Exercise aim: All pictures are to be dropped, and the remaining data set down exactly.

Source data:
=== Begin Enclosure ===
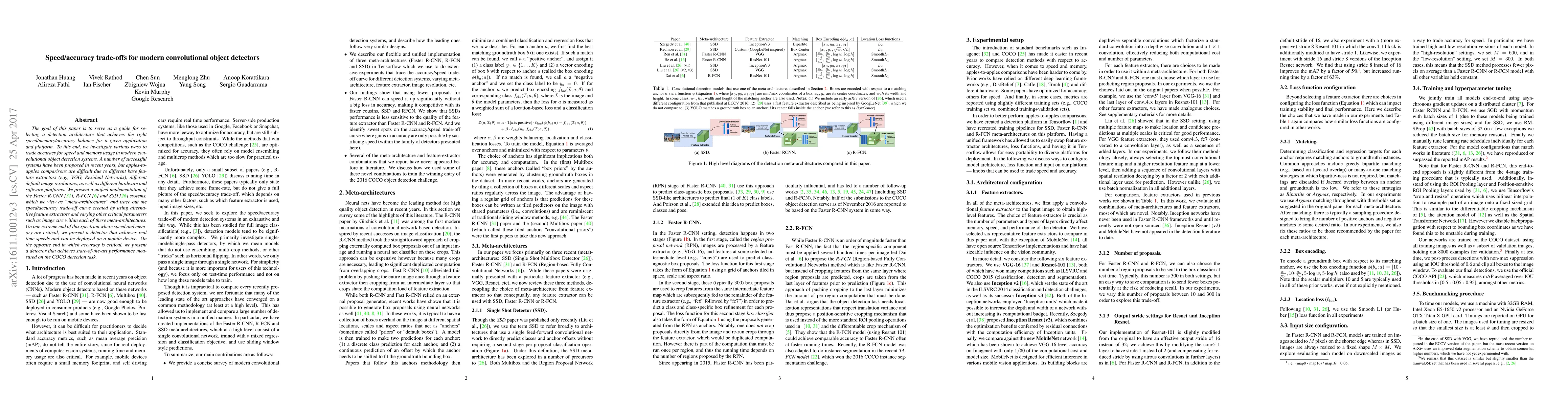 This paper investigates various convolutional object detectors to determine the optimal balance between speed, memory usage, and accuracy for different applications. It compares Faster R-CNN, R-FCN, and SSD architectures, demonstrating how trade-offs can be made using different feature extractors and parameters, ranging from real-time mobile-friendly detectors to high-accuracy models for COCO tasks.
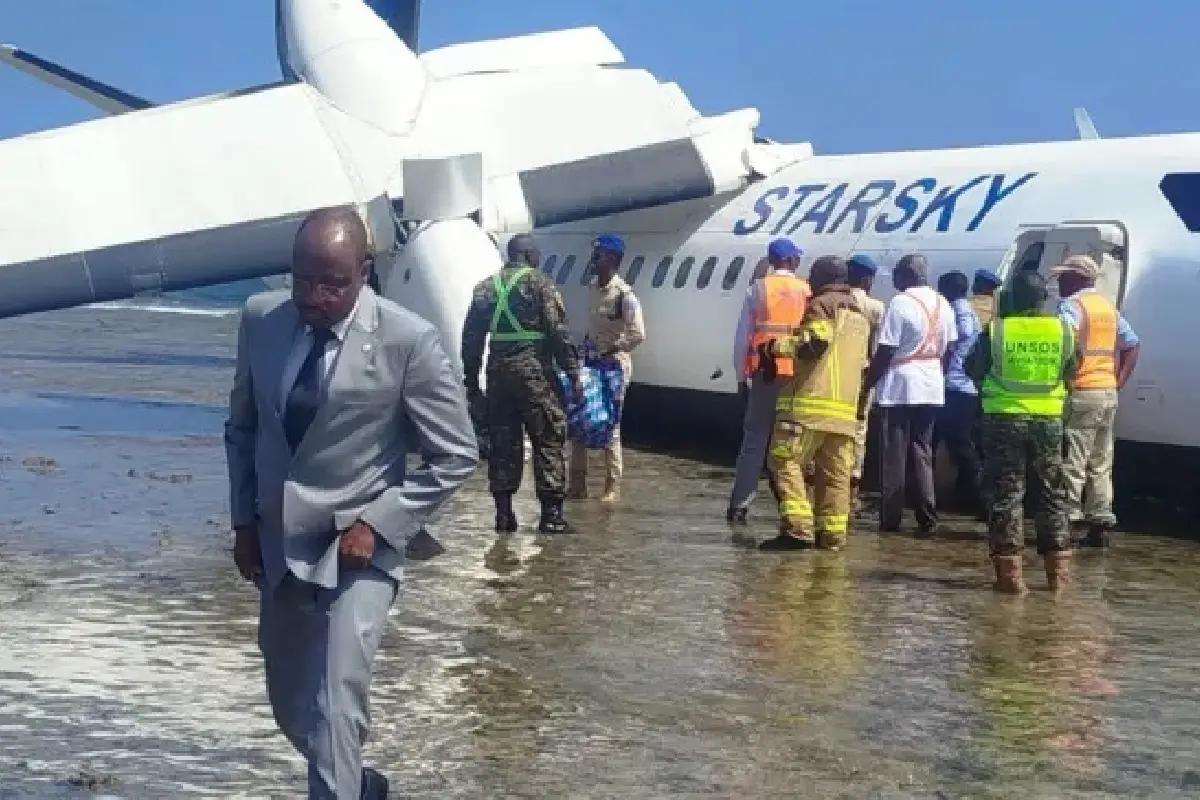 മൊഗാദിഷു– സൊമാലിയൻ തലസ്ഥാനമായ മൊഗാദിഷുവിലെ അന്താരാഷ്ട്ര വിമാനത്താവളത്തിൽ, 50 യാത്രക്കാരുമായി പറന്നുയർന്ന വിമാനം സാങ്കേതിക തകരാറിനെത്തുടർന്ന് അടിയന്തരമായി ഇറക്കുന്നതിനിടെ നിയന്ത്രണം നഷ്ട്ടപെട്ട് റൺവേയിൽ നിന്ന് തെന്നിമാറി കടൽതീരത്ത് എത്തി. സ്റ്റാർസ്‌കൈ ഏവിയേഷൻ കമ്പനിയുടെ ഫോകർ-50 വിമാനമാണ് അപകടത്തിൽപ്പെട്ടത്. ചൊവ്വാഴ്ച രാവിലെ 50 യാത്രക്കാരും 5 ജീവനക്കാരുമായി വിമാനത്താവളത്തിൽ നിന്ന് പറന്നുയർന്ന ഉടൻ തന്നെ വിമാനത്തിന് സാങ്കേതിക തകരാർ ശ്രദ്ധയിൽപ്പെട്ടു. ഇതോടെ പൈലറ്റ് വിമാനം തിരിച്ചിറക്കാൻ അനുമതി തേടുകയായിരുന്നു. എന്നാൽ ലാൻഡിംഗിനിടെ നിയന്ത്രണം നഷ്ടമായ വിമാനം റൺവേ മറികടന്ന് കടൽതീരത്തിലേക്ക് ചെന്നുനിന്നു.
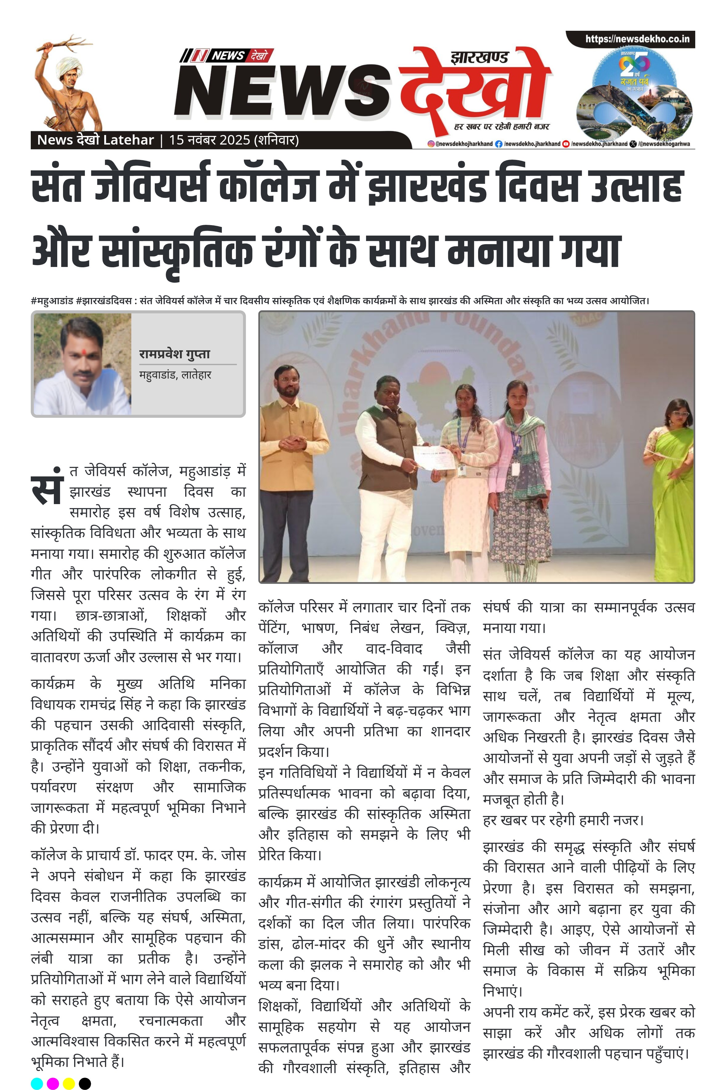 - प्राचार्य डॉ. फादर एम. के. जोस ने झारखंड दिवस को संघर्ष और अस्मिता की यात्रा का प्रतीक बताया।
=== End Enclosure ===
Task output:
 This paper investigates various convolutional object detectors to determine the optimal balance between speed, memory usage, and accuracy for different applications. It compares Faster R-CNN, R-FCN, and SSD architectures, demonstrating how trade-offs can be made using different feature extractors and parameters, ranging from real-time mobile-friendly detectors to high-accuracy models for COCO tasks.
 മൊഗാദിഷു– സൊമാലിയൻ തലസ്ഥാനമായ മൊഗാദിഷുവിലെ അന്താരാഷ്ട്ര വിമാനത്താവളത്തിൽ, 50 യാത്രക്കാരുമായി പറന്നുയർന്ന വിമാനം സാങ്കേതിക തകരാറിനെത്തുടർന്ന് അടിയന്തരമായി ഇറക്കുന്നതിനിടെ നിയന്ത്രണം നഷ്ട്ടപെട്ട് റൺവേയിൽ നിന്ന് തെന്നിമാറി കടൽതീരത്ത് എത്തി. സ്റ്റാർസ്‌കൈ ഏവിയേഷൻ കമ്പനിയുടെ ഫോകർ-50 വിമാനമാണ് അപകടത്തിൽപ്പെട്ടത്. ചൊവ്വാഴ്ച രാവിലെ 50 യാത്രക്കാരും 5 ജീവനക്കാരുമായി വിമാനത്താവളത്തിൽ നിന്ന് പറന്നുയർന്ന ഉടൻ തന്നെ വിമാനത്തിന് സാങ്കേതിക തകരാർ ശ്രദ്ധയിൽപ്പെട്ടു. ഇതോടെ പൈലറ്റ് വിമാനം തിരിച്ചിറക്കാൻ അനുമതി തേടുകയായിരുന്നു. എന്നാൽ ലാൻഡിംഗിനിടെ നിയന്ത്രണം നഷ്ടമായ വിമാനം റൺവേ മറികടന്ന് കടൽതീരത്തിലേക്ക് ചെന്നുനിന്നു.
 - प्राचार्य डॉ. फादर एम. के. जोस ने झारखंड दिवस को संघर्ष और अस्मिता की यात्रा का प्रतीक बताया।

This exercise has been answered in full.